I snuggled in closer, just content to bask in the time that Caspian had unexpectedly given me.

“Do you mind if I smoke?” he asked, after a minute or two.

He’d told me when we’d first met—on a moonlit night in Oxford that seemed forever ago now—he allowed himself one cigarette a month. Something to do with controlling his vices, which didn’t make much sense to me because if there was one thing Caspian Hart could have done with a bit less of, it was control. I wasn’t entirely sure what it meant that he wanted to indulge himself here, now, with me but it was intimacy of a kind and I sure as hell wasn’t going to say no. “Course not.”

My bedside table was a pervert’s smorgasbord of lube and condoms and exciting things to put up your arse or wrap round your knob. I didn’t get much of a look in Caspian’s but I was pretty sure there was nothing inside it except a book, a lighter, a saucer I guessed he was using as an ashtray, and a packet of Dunhill.

With an arm around me, he was a little clumsy lighting up. And then he lay back against the pillows, still holding me tight, and took a deep, luxurious drag. His eyes fell half closed, smoke billowing from between his parting lips. It made me desperate to kiss him. Feel the surrender of his mouth. He hadn’t wanted me to see him come but he let me see this. The one pleasurable yielding he seemed able to countenance.

“Caspian?”

“Mmm?”

“What did you write on me yesterday?”

“It’s from The Lathe of Heaven.”

One of the many problems with being an English literature student, especially if you went to Oxford, was that people expected you to have read everything. Thus condemning you to a life of lying, bullshitting, and incipient shame.

I opened my mouth to do make a bland statement that implied familiarity with the text without committing myself to anything. And then I thought: fuck it, no. Caspian already knew I’d only pretended to have read Ulysses. He wasn’t going to think less of me because I hadn’t read The Lathe of Heaven.

And there was no reason for me to think less of myself either.

“I don’t know it,” I announced triumphantly.

“Why would you, since you’re not into sci-fi? It’s Ursula Le Guin. About a man who has the ability to change reality through his dreams.”

“I can see why you might be into that.”

He smiled faintly. “It’s not quite what you think. The protagonist is very much a dreamer. Passive to a fault. It’s other people who want to change the world, usually with disastrous consequences.”

I sighed. “You know, that’s another thing I don’t get about science fiction. For a genre that’s supposed to be all about technology and progress and the future…why does it always turn out to be a massive disaster whenever somebody tries to do anything or change anything?”
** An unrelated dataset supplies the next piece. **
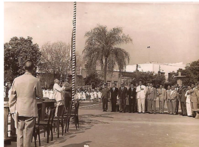
ATO CÍVICO COMO PRESIDENTE DA CÂMARA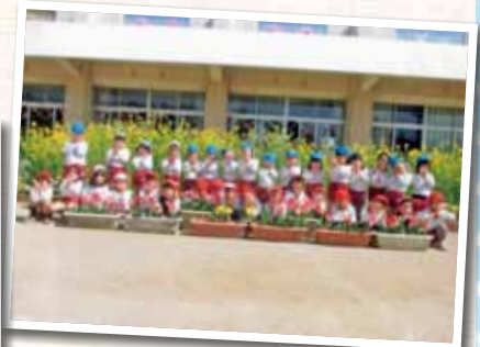
倉敷市立玉島幼稚園

“You tell me, Mr. BA Oxon.”

“I guess because a lot of genre fiction has its roots in the nineteenth century, when we had more rigid ideas about God and social order. Aaaand check out me sounding like I know what the fuck I’m talking about.”
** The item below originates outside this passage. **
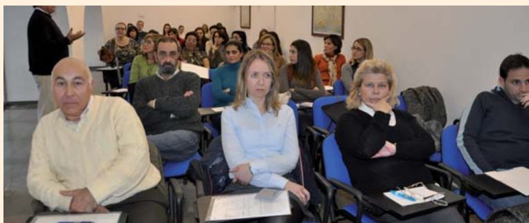
Alumnos de uno de los seis grupos durante la primera sesión del curso

En cuanto a la estructura de los cursos, los alumnos han de seguir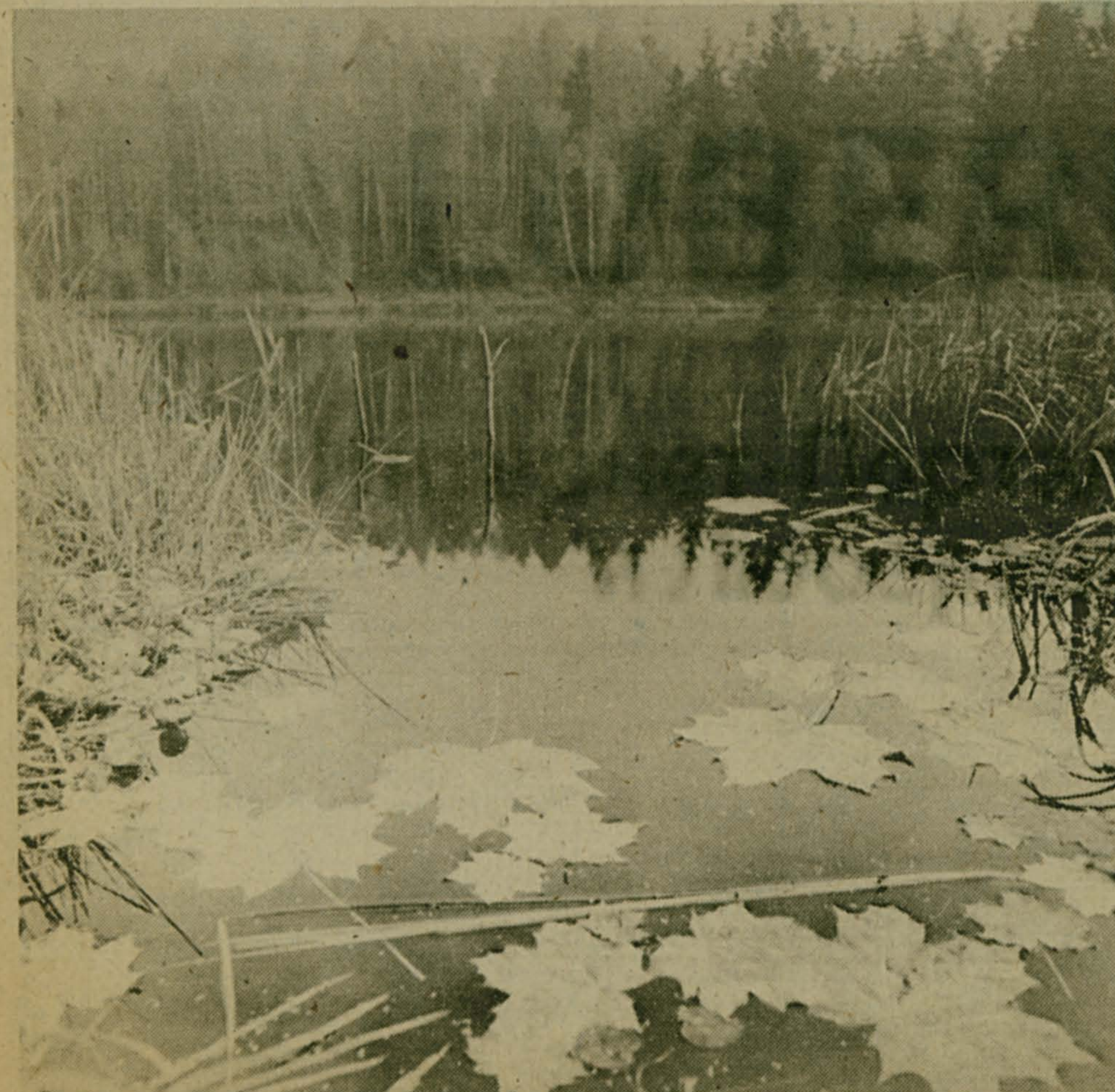
«Очей очарованье...»

Этим летом я купался в Святом озере. Вода теплая, но прозрачной ее не назывешь. Народу было порядочно. Только что-то я не заметил, чтобы бросали в волны кольца, полтинники или хотя бы пятаки. А. БЕЛОВ, краевед.

“That’s because you do. Though, for what it’s worth, I don’t think this book is actually saying that. I think it’s more about the complexities of the world and its problems, especially the problems that are connected to the complexities of people. My father…” He paused. Cleared his throat. “My father always said Le Guin was primarily interested in people.”

“Isn’t science fiction supposed to be about ideas?”

Caspian swallowed. “It is. But it can also be very…very human. Since a lot of the time it’s concerned with human questions. At least that’s what my father believed.” He shifted and I could feel him getting self-conscious. This was usually the moment he would pull away from me. But, to my surprise, he gave a slightly rueful laugh and went on. “No wonder I read PPE.”

“I thought”—I gave him a naughty look—“you were leveraging the Oxford brand to something something the something something?”

“That too.” He let his voice slip into its driest, coolest register. “To lead a successful life, it is vital to something something the something something.”

I giggled, hopelessly heart-eyed. I adored everything about Caspian—his strength, his ferocity, his delicious cruelty—but this side of him, his secret capacity to laugh at himself, never failed to delight me.